> _Exercise_: Output, exactly as written, the lines below from the one that has "OneMinute AMS OneMinuteអត្ថបទមុនអត្ថបទបន្ទាប់" through the one that has "局长在2026年春节节后收心会上的讲话"; nothing else, and no pictures.

> _Excerpted data_:
:::::
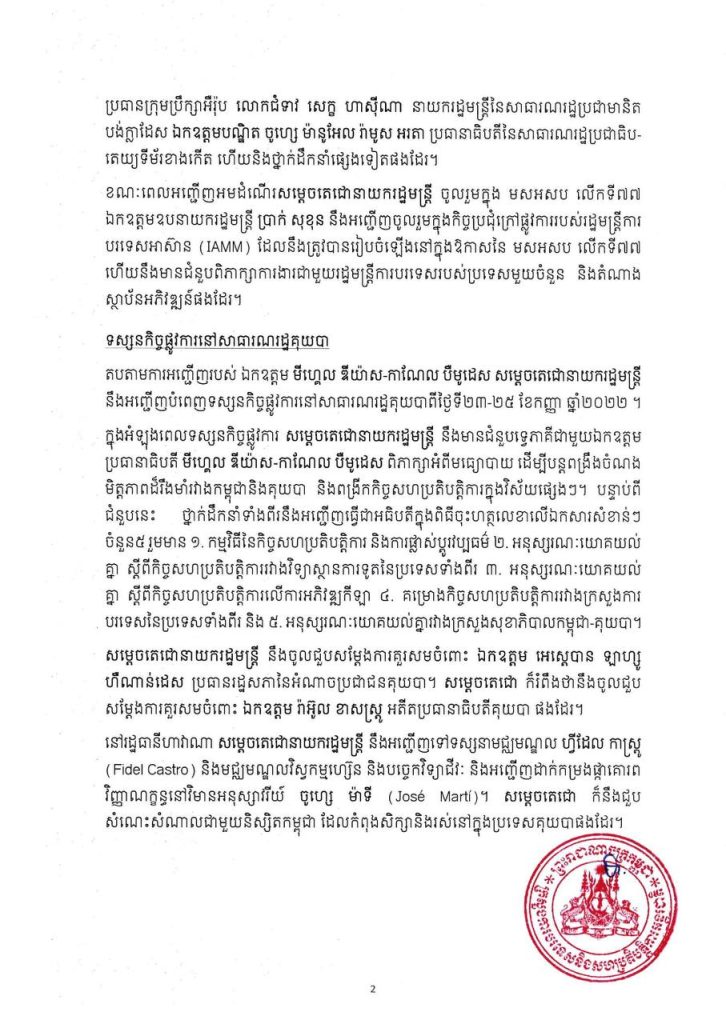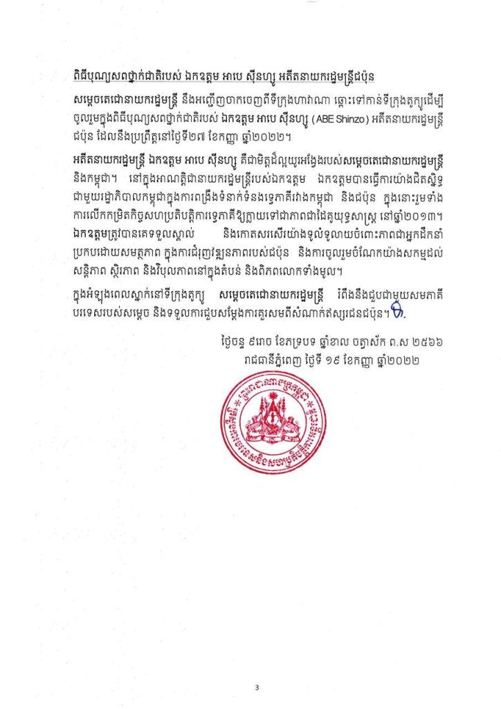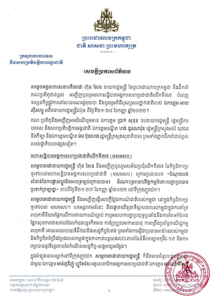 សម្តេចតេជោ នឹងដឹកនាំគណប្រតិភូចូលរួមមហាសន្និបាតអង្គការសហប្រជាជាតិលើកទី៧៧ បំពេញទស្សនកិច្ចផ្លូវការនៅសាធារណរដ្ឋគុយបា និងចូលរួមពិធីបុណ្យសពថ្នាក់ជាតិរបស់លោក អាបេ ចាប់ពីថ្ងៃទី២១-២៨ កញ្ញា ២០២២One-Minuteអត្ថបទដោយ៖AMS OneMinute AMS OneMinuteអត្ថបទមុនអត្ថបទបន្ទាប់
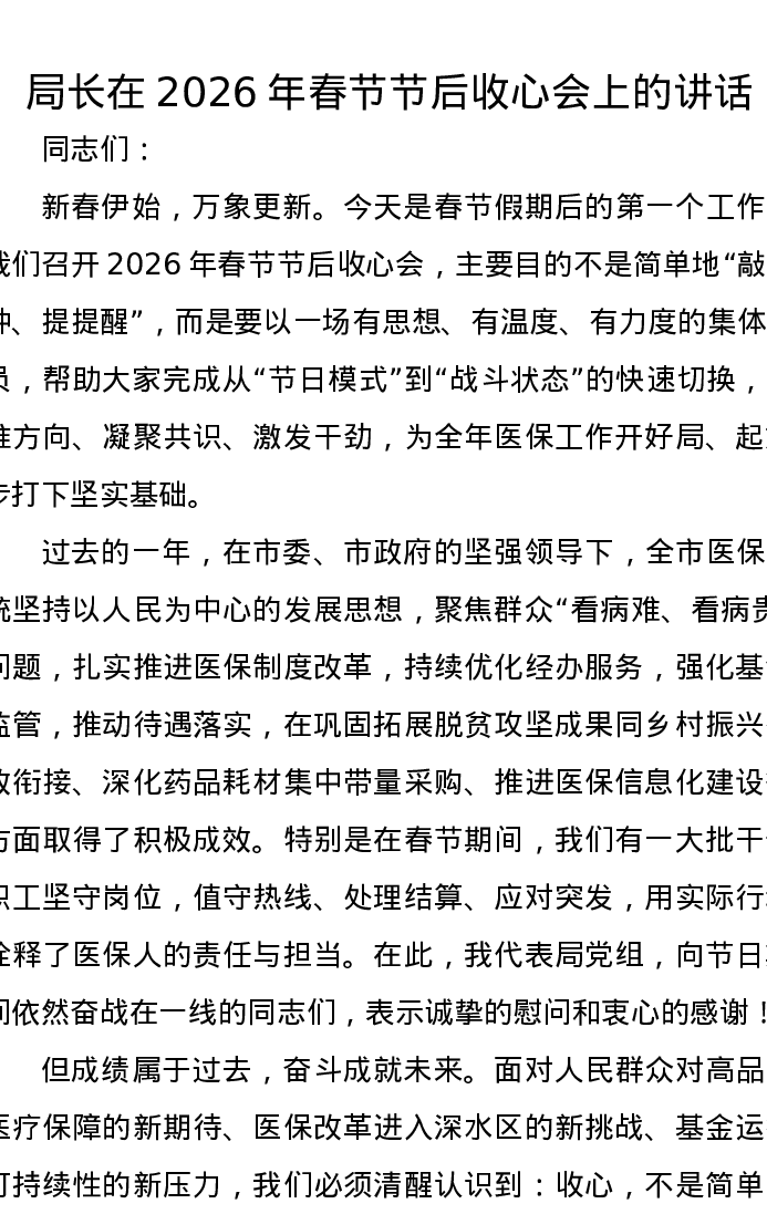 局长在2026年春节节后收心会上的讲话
:::::
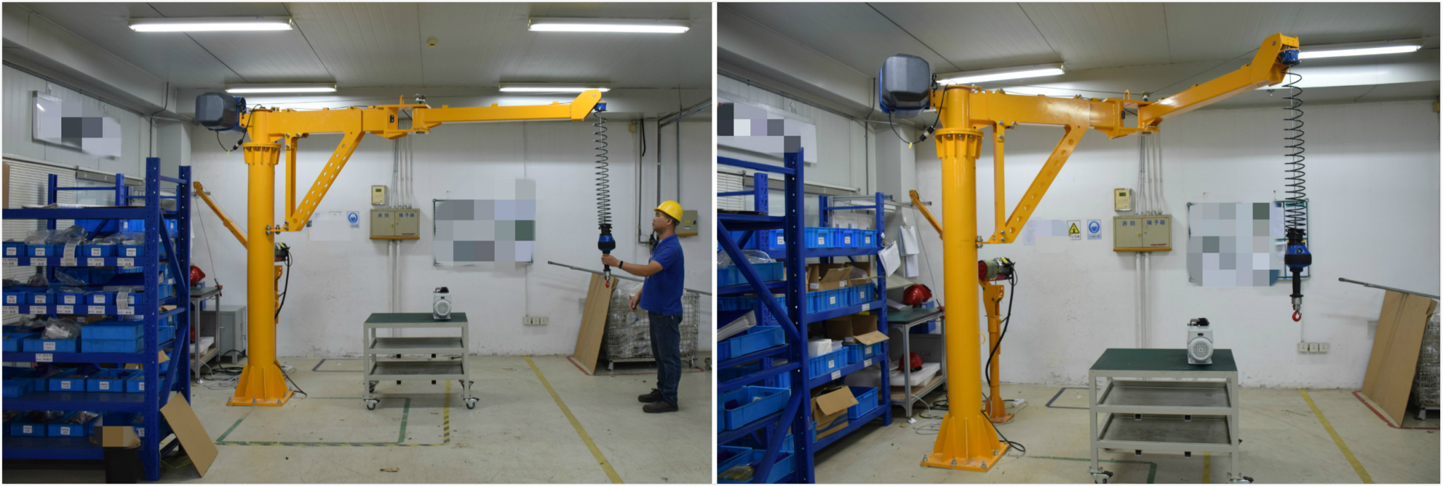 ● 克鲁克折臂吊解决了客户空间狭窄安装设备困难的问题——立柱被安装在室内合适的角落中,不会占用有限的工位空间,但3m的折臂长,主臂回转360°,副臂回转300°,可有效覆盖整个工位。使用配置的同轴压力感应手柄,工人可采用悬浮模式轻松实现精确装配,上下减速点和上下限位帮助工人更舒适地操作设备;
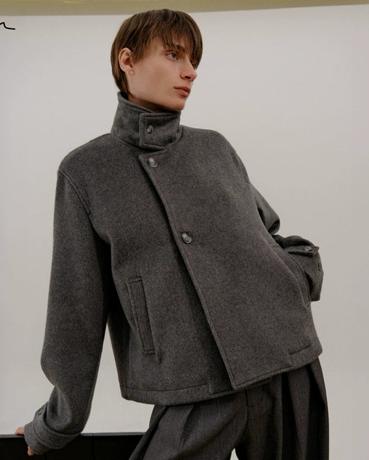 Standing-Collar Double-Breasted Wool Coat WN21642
:::::
> _Task result_:
 សម្តេចតេជោ នឹងដឹកនាំគណប្រតិភូចូលរួមមហាសន្និបាតអង្គការសហប្រជាជាតិលើកទី៧៧ បំពេញទស្សនកិច្ចផ្លូវការនៅសាធារណរដ្ឋគុយបា និងចូលរួមពិធីបុណ្យសពថ្នាក់ជាតិរបស់លោក អាបេ ចាប់ពីថ្ងៃទី២១-២៨ កញ្ញា ២០២២One-Minuteអត្ថបទដោយ៖AMS OneMinute AMS OneMinuteអត្ថបទមុនអត្ថបទបន្ទាប់
 局长在2026年春节节后收心会上的讲话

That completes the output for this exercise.